Once you find the line with "渐变色的家居服款式,口袋还是" in the data below, transcribe exactly each line from there to the line with "Miejskie Centrum Kultury", inclusive, and nothing else. Drop the pictures.

DATA FOR THIS EXERCISE:
☆ ☆ ☆ ☆ ☆ ☆ ☆
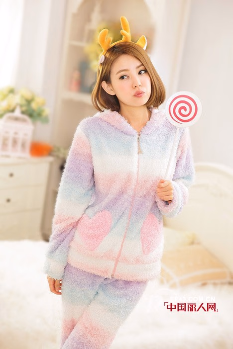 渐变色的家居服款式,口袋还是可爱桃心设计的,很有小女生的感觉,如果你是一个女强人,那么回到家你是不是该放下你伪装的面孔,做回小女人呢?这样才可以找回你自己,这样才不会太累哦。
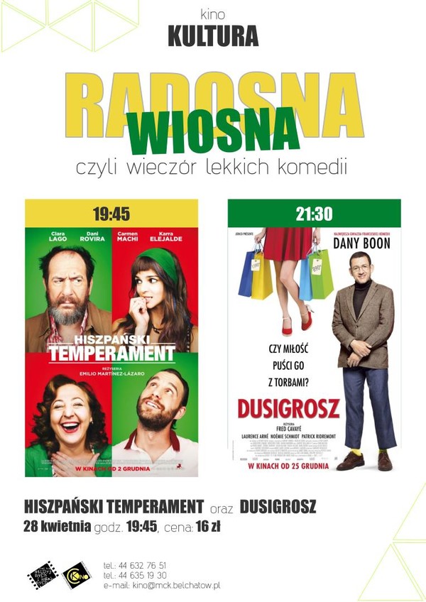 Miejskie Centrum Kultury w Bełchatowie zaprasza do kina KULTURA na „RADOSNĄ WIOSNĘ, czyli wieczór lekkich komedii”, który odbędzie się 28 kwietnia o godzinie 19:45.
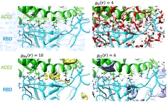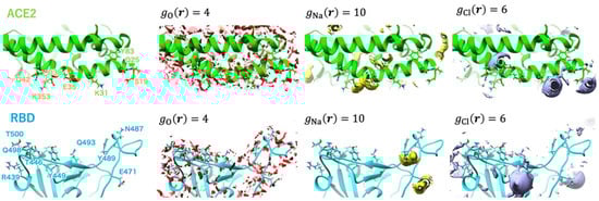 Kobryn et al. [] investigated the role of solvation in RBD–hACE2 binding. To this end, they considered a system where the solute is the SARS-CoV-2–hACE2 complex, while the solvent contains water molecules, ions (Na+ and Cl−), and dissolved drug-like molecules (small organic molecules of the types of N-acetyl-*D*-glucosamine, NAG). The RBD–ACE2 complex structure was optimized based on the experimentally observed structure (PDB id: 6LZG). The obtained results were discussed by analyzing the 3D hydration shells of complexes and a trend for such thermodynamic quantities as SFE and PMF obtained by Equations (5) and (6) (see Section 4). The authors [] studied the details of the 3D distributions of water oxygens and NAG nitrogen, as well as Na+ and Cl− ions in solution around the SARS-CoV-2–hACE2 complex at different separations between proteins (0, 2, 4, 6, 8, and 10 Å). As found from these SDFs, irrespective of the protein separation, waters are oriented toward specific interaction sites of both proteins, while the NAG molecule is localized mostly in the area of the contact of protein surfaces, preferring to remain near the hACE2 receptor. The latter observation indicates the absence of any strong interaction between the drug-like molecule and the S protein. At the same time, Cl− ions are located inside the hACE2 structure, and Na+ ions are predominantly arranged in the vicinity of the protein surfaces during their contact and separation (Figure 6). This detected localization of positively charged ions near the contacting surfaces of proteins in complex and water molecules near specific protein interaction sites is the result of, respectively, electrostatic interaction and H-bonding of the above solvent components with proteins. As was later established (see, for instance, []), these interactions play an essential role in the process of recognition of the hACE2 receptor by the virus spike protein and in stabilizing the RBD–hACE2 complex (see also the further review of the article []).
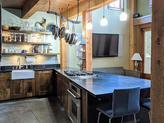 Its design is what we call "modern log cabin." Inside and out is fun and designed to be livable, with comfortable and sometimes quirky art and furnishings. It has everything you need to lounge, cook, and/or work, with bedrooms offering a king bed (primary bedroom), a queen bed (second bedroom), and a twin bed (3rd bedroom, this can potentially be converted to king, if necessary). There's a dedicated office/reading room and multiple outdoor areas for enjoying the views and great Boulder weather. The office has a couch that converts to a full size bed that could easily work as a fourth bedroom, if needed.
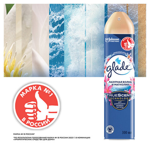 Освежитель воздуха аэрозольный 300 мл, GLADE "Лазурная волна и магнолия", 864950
☆ ☆ ☆ ☆ ☆ ☆ ☆
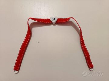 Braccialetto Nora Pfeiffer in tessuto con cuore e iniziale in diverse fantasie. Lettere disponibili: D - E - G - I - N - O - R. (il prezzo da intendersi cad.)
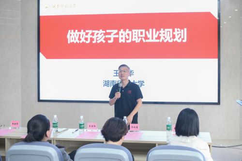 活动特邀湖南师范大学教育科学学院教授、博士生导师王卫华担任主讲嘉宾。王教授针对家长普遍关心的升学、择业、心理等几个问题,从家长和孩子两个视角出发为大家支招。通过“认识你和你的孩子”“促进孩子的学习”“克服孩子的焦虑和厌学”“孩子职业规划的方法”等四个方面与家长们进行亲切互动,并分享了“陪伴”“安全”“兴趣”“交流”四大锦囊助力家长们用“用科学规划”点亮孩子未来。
☆ ☆ ☆ ☆ ☆ ☆ ☆
RESULT OF THIS EXERCISE:
 渐变色的家居服款式,口袋还是可爱桃心设计的,很有小女生的感觉,如果你是一个女强人,那么回到家你是不是该放下你伪装的面孔,做回小女人呢?这样才可以找回你自己,这样才不会太累哦。
 Miejskie Centrum Kultury w Bełchatowie zaprasza do kina KULTURA na „RADOSNĄ WIOSNĘ, czyli wieczór lekkich komedii”, który odbędzie się 28 kwietnia o godzinie 19:45.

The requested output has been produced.